Rescue Installations

U 1 possessed one telephone buoy with a 80m cable that could be released from inside which would have enabled the crew to communicate with rescue forces on the surface. It contained connectors for oxygen and telephone cables that could be plugged in from outside by divers. The main bilge pump could pump 60 m³/h against 60 m water pressure.

The telephone buoy was located in the wave-breaker in front of the tower.

Armament

The armament of U 1 consisted merely of torpedos and only one 45cm torpedo tube plus two magazines, making a total of 3 torpedos.

The torpedo type used on U 1 was the C/03 torpedo. This type wasn't suited for angle shots, it had a length of 5,15m, a calibre of 45cm, a range of 3000m by 26kn speed and a 147,5 kg warhead of gun-cotton. The impact fuse ignited at an impact angle of +-30° to a perfect 90° impact angle to the surface it hit. The torpedo trailed a bubble wake behind it and could be spotted early. Given this and the fact that the target just needed to turn away only that much that the impact angle deviated more than 30° from a perfect 90° impact angle, where it would hit the target without exploding and the course instability of this torpedo of up to 2°, the optimum attack range was a short 300m.

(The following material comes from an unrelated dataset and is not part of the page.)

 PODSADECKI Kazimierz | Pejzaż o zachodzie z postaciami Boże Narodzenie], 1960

This optimal range never changed throughout the war for any of the u-boats what of course doesn't mean that they have never shot from further away, infact a lot of times they shot from much further away.

Navigational Means

The navigational reliability left some room for improvements. U 1 possessed only one magnetic compass mounted in the tower. The tower was made of nickel steel and thus nonmagnetic. So that was the only choice where the magnetic compass could be installed and worked only when the electrical installation wasn't used. The chronometer was strongly exposed to the electrical and magnetic effects of the boat and proportionally to that unreliable. Depth under the keel could only be measured with a hand lids device, which could be used submerged as well. A hand lids sounder was basically a weight on a rope that was let down from a winch and stopped automatically when it hits the ground. To use it the boat had to stop or move very slow. The speed determination with the kerosene engine propulsion was very uncertain. Later U 1 got upgraded with a gyro compass, located in the tower but this early single gyro compasses became useless in rough sea due to all the wild motions of the boat.

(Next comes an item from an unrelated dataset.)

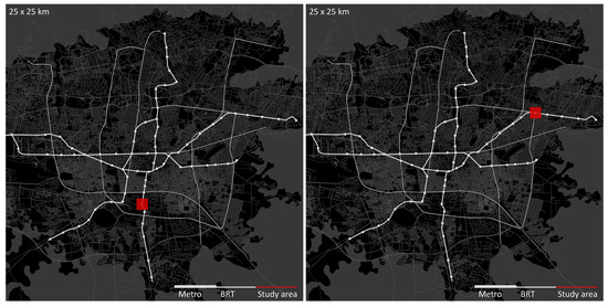 There has been an emerging view among urban scholars for reimagining the city by learning from the cities of the global South. This way of thinking argues against any attempts that have remained entrenched in studying the cities of the global North, which often act as a framework against which other cities are judged. The questions that become important are then related to the ways in which learning from cities beyond the global North can contribute to the debates in transit urbanism. Such cities, from Asian metropolises to small, rapidly urbanizing regional hubs in Africa, vary significantly in relation to transit mobilities and walkable urban form [22]. This degree of variation can complicate any generalisation about the global South or any categorisation into transit city types according to geography, urban morphology, size or intensification pattern. However, demonstrating trends by transit city type as well as categorising by urban morphology can not only outline some of such differences but also create a framework based on which mobilities and walkable station areas can be discussed in the global South. This research adopts an ‘information-oriented’ approach [71] for selecting Tehran as a ‘critical’ case in the context of the rapidly urbanising cities that face significant challenges of coordinating rapid transit networks and walkable neighbourhoods [72,73,74]. Two study areas were selected, comprising a 100-hectare district within walkable distance of the metro stations. This selection aimed at building a framework based on the ‘maximum variation’ rationale [71], incorporating a broad range of transport modes/networks, urban morphologies, and streetlife intensity. The study areas are located in different parts of the city (Figure 2)—Shoosh in the South and Sarsabz in the East. This links to how a north–south divide in Tehran has been manifested in its social and physical structures.

Habitation Installations and Live Conditions on Board

There was a toilet available in the torpedo room and it seems the galley was located on the opposite side of. The officers already had their own rooms and bunks but all the crew traffic lead through them what was of course very undesirable. Movable electric heating devices were available too. U 1 didn’t have any wooden wainscoting on the pressure hull and the crew was fully exposed to the condensed water. If you wanted to go to bed, you first had to put the electrical heater in to the bunk to get rid of the moisture in it, and especially in winter to get at least an remote imagination of warmth in it. Than you crawled under the bed cover and spread a big oilcloth over you. When you woke up again, the wrinkles of the oilcloth were full of water and the watch shift always began with a hot cup of coffee. The comfort was very neglected on this type of boats since there were meant to operate only 12 hours on an coastal outpost and then being replaced by another boat, much like the small patrol crafts. But in war they would operate 5 maybe up to 7 days if necessary.

Operational History

U 1 made only few war patrols, in the east sea, without scoring any hits and served most of the time as a training boat. Such legends like Otto Weddingen received their basic training on it.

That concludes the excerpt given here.